Instructions for the task:
An exact copy of every record, with no pictures, please.

Data for this task:
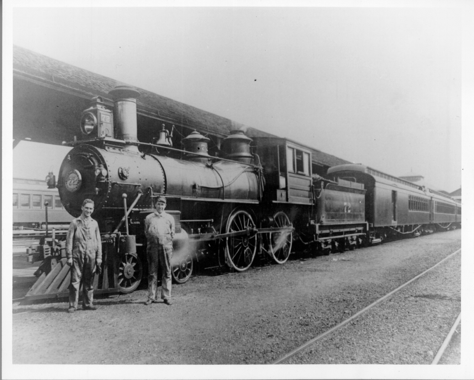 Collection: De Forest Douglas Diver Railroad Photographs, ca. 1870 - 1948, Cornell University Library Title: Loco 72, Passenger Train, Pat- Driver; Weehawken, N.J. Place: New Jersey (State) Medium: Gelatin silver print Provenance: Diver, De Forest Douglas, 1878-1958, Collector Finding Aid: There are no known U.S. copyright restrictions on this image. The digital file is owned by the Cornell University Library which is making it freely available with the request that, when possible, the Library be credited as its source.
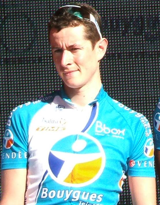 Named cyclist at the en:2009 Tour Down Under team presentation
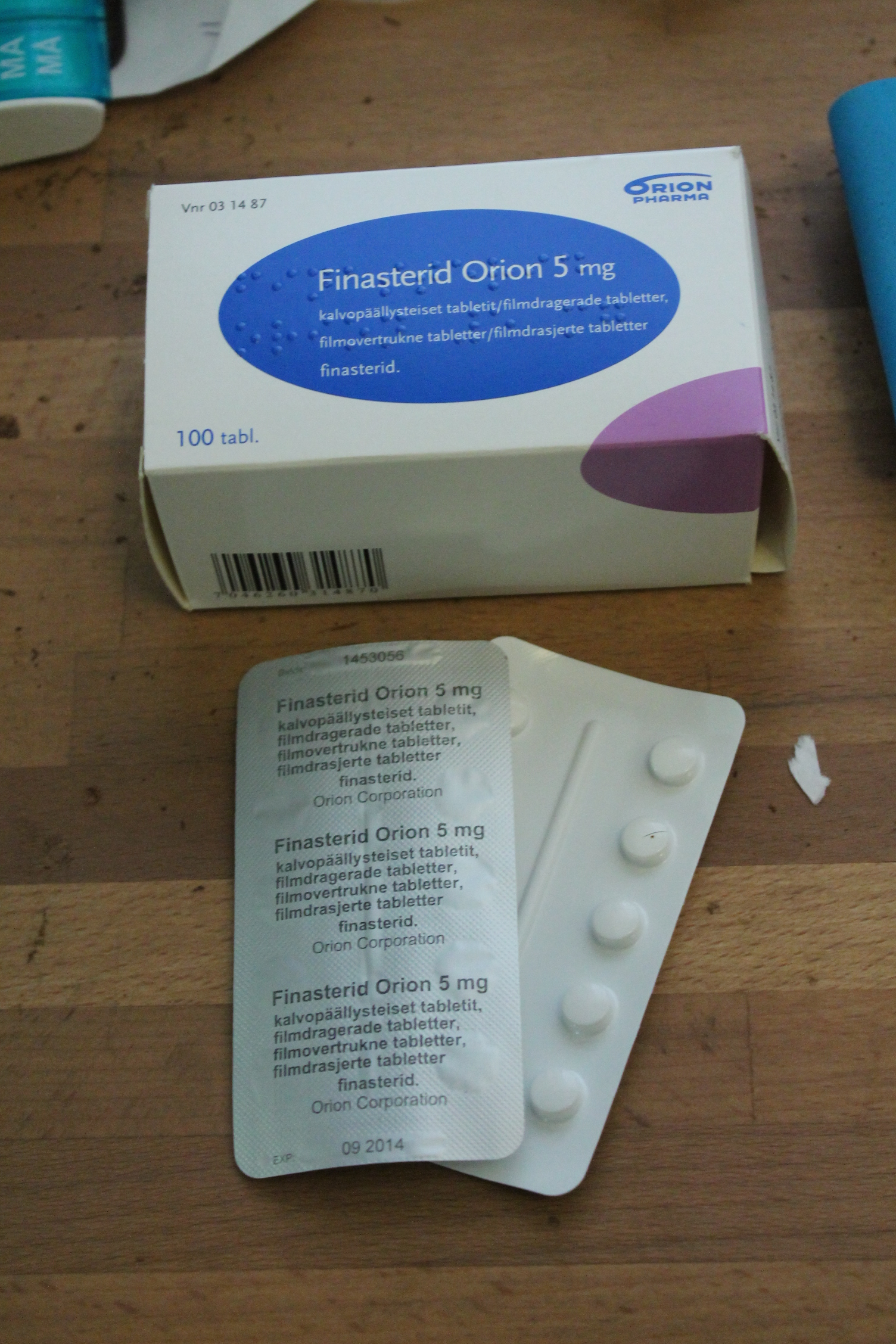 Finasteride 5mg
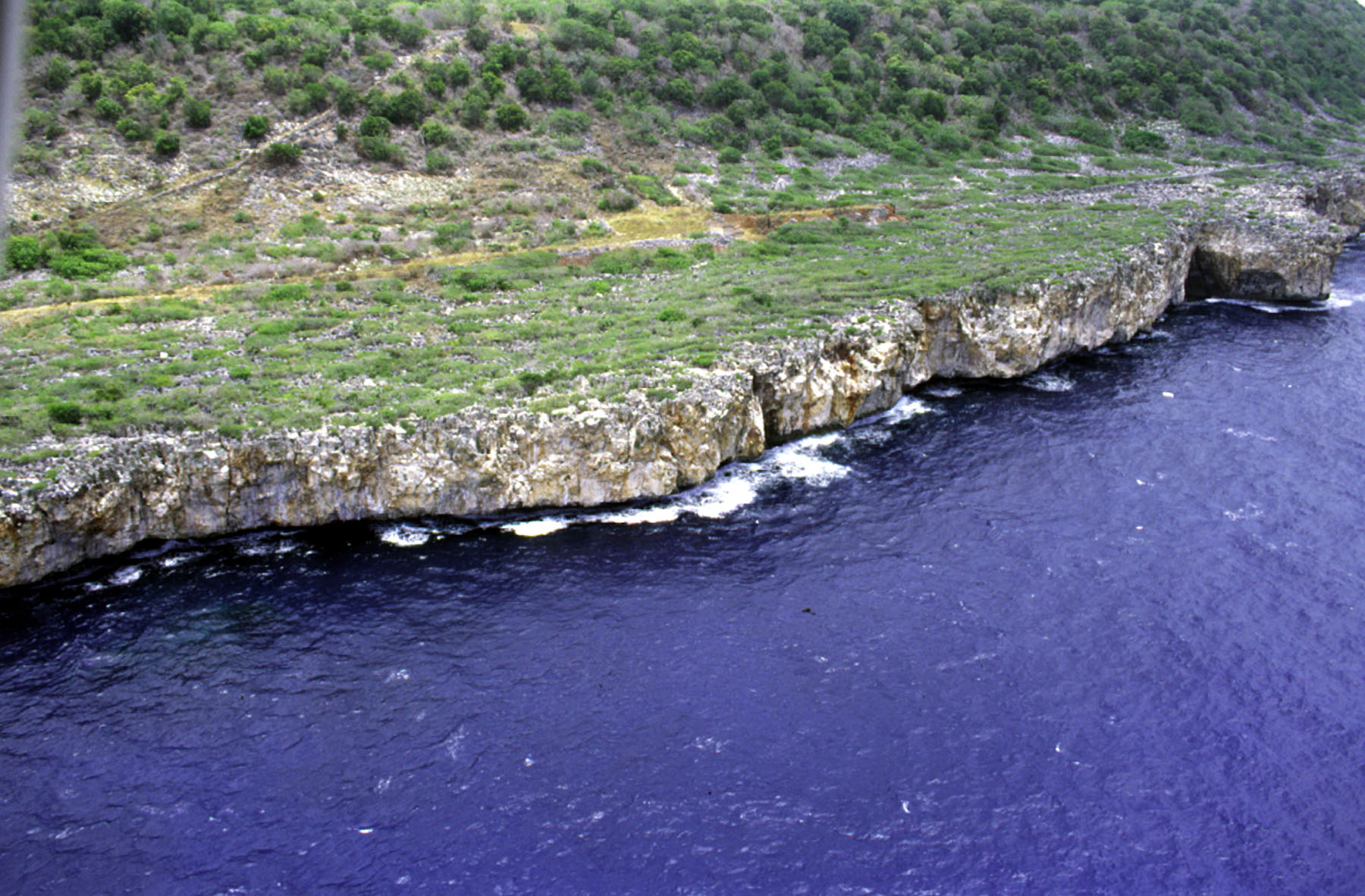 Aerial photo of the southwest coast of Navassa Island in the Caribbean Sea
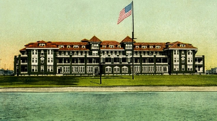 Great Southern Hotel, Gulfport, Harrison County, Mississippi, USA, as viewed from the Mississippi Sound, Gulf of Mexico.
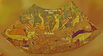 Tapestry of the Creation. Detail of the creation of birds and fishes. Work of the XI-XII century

Response to this exercise:
 Collection: De Forest Douglas Diver Railroad Photographs, ca. 1870 - 1948, Cornell University Library Title: Loco 72, Passenger Train, Pat- Driver; Weehawken, N.J. Place: New Jersey (State) Medium: Gelatin silver print Provenance: Diver, De Forest Douglas, 1878-1958, Collector Finding Aid: There are no known U.S. copyright restrictions on this image. The digital file is owned by the Cornell University Library which is making it freely available with the request that, when possible, the Library be credited as its source.
 Named cyclist at the en:2009 Tour Down Under team presentation
 Finasteride 5mg
 Aerial photo of the southwest coast of Navassa Island in the Caribbean Sea
 Great Southern Hotel, Gulfport, Harrison County, Mississippi, USA, as viewed from the Mississippi Sound, Gulf of Mexico.
 Tapestry of the Creation. Detail of the creation of birds and fishes. Work of the XI-XII century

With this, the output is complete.